Extracted data:
= Beginning of Section =

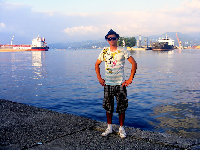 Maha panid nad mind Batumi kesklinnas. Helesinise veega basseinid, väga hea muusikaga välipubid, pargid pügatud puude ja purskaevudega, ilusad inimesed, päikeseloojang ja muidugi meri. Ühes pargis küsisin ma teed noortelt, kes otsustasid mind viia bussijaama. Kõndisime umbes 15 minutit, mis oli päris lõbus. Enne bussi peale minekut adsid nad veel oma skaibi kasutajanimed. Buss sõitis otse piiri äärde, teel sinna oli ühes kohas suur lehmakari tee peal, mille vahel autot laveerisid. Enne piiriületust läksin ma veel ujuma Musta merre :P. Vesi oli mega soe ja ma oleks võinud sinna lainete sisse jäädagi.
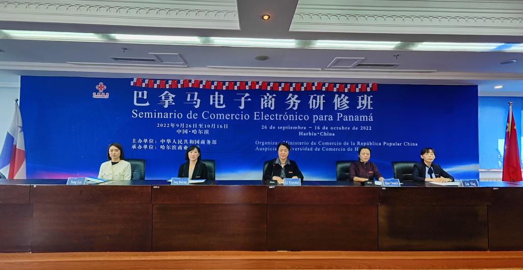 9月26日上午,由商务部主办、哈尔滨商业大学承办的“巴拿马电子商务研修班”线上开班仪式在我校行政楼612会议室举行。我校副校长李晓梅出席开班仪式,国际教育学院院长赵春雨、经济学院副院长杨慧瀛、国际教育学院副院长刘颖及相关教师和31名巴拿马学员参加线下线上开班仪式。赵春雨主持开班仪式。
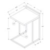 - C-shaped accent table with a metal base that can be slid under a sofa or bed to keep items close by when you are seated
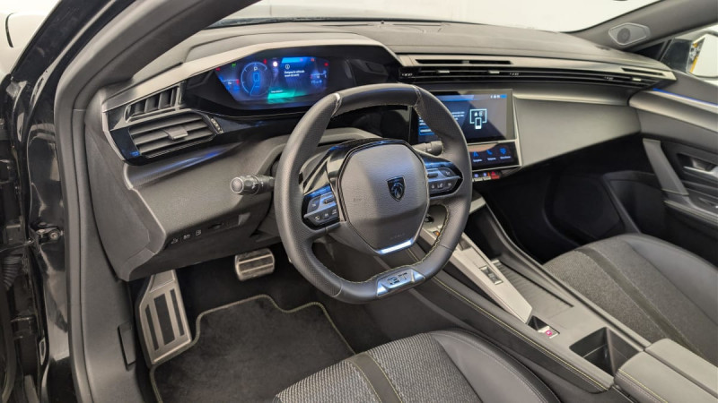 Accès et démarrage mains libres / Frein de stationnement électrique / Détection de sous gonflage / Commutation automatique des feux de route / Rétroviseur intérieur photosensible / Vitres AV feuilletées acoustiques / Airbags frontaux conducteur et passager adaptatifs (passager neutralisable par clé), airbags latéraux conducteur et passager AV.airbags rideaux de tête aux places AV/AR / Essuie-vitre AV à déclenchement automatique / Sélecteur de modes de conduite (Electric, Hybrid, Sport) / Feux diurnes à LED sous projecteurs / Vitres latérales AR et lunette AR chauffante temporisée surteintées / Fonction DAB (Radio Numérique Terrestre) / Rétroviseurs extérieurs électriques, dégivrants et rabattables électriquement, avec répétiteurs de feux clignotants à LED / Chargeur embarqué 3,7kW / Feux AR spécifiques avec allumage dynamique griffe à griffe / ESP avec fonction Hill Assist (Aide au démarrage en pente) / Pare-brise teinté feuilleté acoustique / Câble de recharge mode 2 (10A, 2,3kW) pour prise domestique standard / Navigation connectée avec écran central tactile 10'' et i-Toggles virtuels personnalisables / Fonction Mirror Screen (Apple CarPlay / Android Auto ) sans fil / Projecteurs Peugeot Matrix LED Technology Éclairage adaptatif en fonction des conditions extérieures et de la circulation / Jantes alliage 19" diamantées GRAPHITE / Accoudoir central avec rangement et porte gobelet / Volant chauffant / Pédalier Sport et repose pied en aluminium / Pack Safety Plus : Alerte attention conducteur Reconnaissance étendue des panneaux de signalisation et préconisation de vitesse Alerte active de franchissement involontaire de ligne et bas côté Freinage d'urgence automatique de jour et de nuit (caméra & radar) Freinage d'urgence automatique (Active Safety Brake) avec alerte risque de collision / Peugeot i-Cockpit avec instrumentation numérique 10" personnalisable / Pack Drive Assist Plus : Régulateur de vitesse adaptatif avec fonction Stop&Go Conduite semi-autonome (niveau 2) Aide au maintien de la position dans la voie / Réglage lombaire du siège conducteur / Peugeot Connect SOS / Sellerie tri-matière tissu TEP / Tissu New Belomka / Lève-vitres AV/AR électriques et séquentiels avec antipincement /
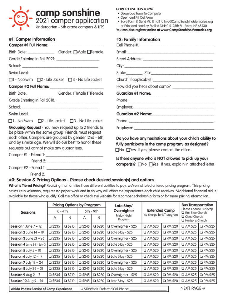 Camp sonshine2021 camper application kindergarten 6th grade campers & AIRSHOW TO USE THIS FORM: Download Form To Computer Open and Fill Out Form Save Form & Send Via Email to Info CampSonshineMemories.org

= End of Section =
= Beginning of Section =

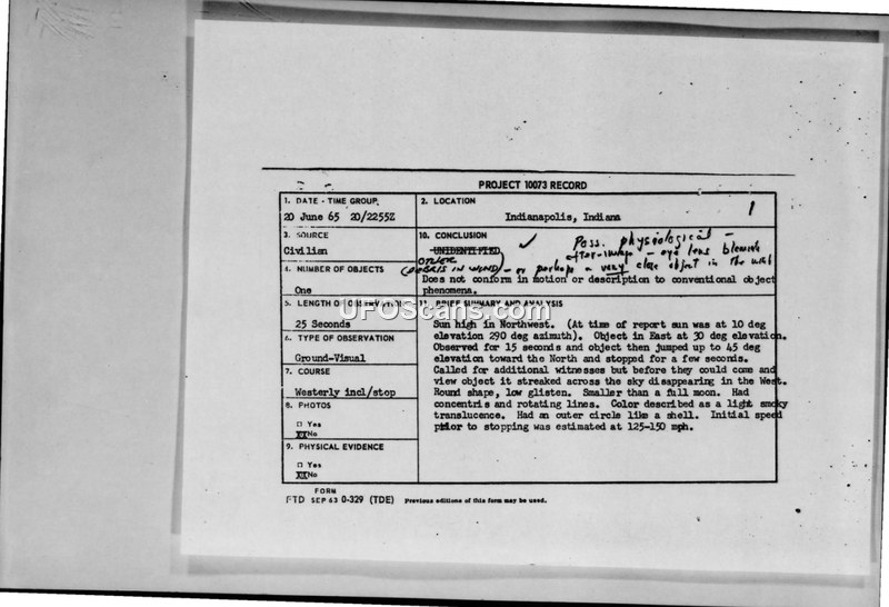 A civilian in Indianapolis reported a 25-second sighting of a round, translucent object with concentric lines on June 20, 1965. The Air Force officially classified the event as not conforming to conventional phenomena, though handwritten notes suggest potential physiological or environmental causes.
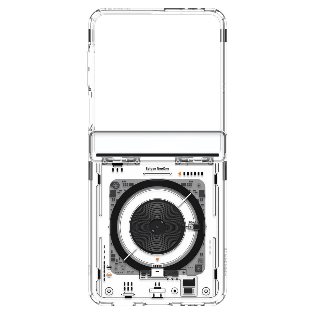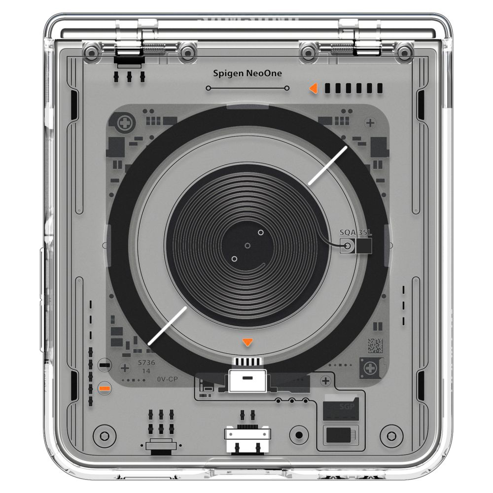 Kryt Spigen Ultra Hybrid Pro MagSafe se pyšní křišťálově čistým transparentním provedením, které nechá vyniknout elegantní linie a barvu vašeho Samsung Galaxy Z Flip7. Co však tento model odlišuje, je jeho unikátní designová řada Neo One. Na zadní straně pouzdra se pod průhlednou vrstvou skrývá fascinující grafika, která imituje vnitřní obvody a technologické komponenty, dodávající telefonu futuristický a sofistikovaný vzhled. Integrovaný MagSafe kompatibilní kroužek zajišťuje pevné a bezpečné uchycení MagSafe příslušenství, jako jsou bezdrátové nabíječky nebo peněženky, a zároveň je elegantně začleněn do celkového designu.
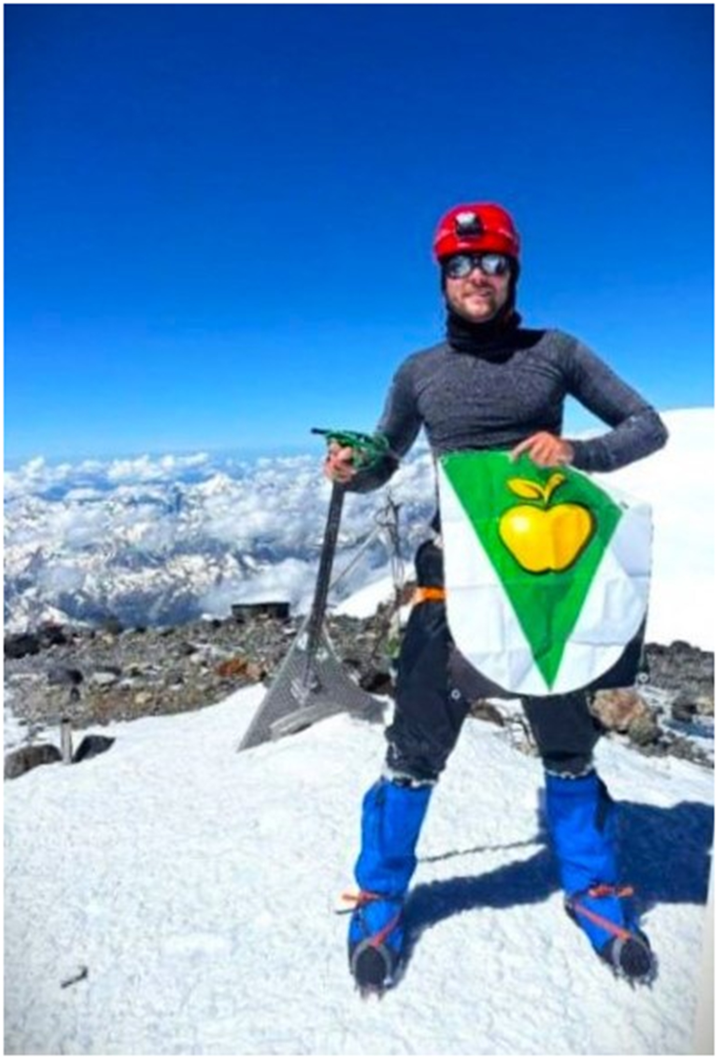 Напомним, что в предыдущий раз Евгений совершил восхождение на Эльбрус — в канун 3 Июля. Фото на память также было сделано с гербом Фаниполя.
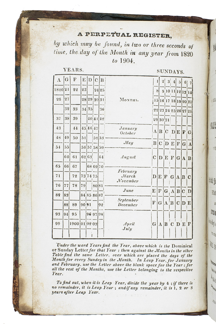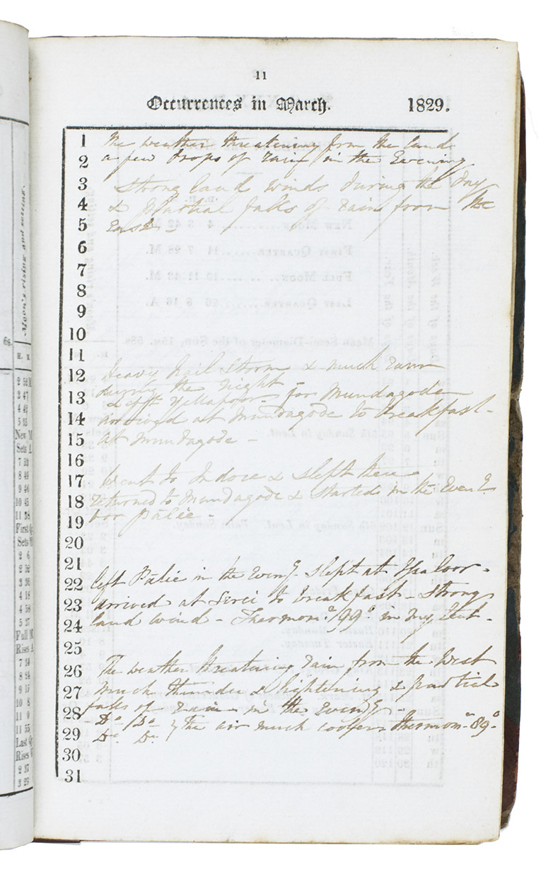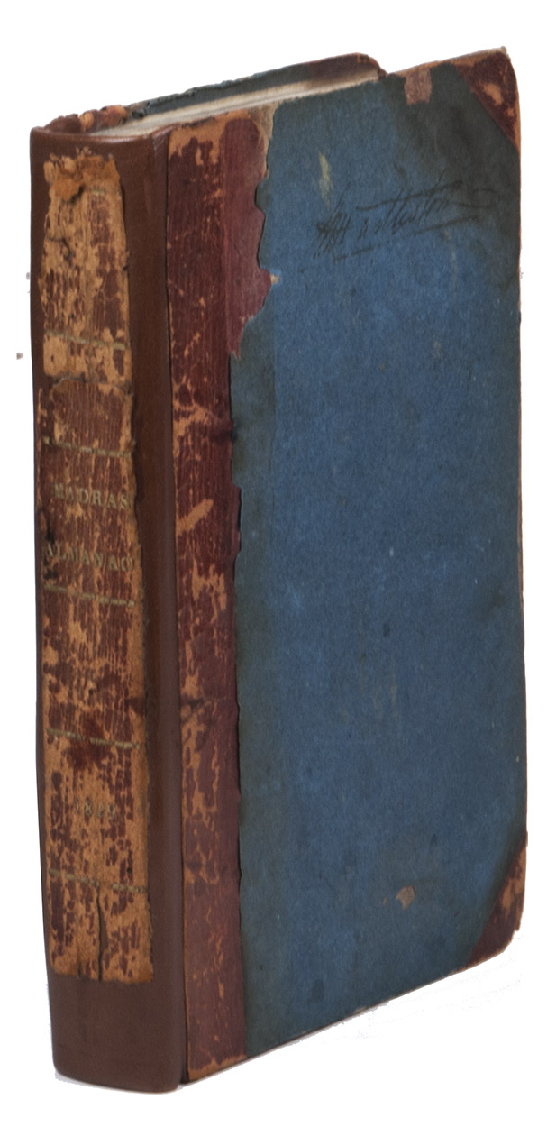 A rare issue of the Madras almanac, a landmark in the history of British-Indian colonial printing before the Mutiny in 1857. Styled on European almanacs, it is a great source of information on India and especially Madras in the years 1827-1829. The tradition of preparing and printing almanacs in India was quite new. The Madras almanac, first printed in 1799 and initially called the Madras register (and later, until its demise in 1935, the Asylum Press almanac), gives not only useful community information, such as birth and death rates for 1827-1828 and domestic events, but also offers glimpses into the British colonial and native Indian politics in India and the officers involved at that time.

= End of Section =
= Beginning of Section =

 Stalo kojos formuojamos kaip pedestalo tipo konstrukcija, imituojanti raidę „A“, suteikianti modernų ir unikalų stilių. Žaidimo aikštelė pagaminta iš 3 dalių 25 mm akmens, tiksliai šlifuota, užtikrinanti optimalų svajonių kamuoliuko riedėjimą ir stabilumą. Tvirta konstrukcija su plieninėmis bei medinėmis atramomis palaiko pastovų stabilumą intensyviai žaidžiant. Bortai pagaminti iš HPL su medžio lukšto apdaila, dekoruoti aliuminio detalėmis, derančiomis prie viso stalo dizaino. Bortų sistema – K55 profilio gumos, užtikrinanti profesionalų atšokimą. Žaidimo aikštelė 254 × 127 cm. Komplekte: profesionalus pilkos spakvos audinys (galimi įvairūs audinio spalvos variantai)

= End of Section =

Your instructions:
Look back at the data above, then output exactly the lines from the line holding "Kryt Spigen Ultra" up to and including the line holding "Напомним, что в". Leave out the pictures.

Task response:
 Kryt Spigen Ultra Hybrid Pro MagSafe se pyšní křišťálově čistým transparentním provedením, které nechá vyniknout elegantní linie a barvu vašeho Samsung Galaxy Z Flip7. Co však tento model odlišuje, je jeho unikátní designová řada Neo One. Na zadní straně pouzdra se pod průhlednou vrstvou skrývá fascinující grafika, která imituje vnitřní obvody a technologické komponenty, dodávající telefonu futuristický a sofistikovaný vzhled. Integrovaný MagSafe kompatibilní kroužek zajišťuje pevné a bezpečné uchycení MagSafe příslušenství, jako jsou bezdrátové nabíječky nebo peněženky, a zároveň je elegantně začleněn do celkového designu.
 Напомним, что в предыдущий раз Евгений совершил восхождение на Эльбрус — в канун 3 Июля. Фото на память также было сделано с гербом Фаниполя.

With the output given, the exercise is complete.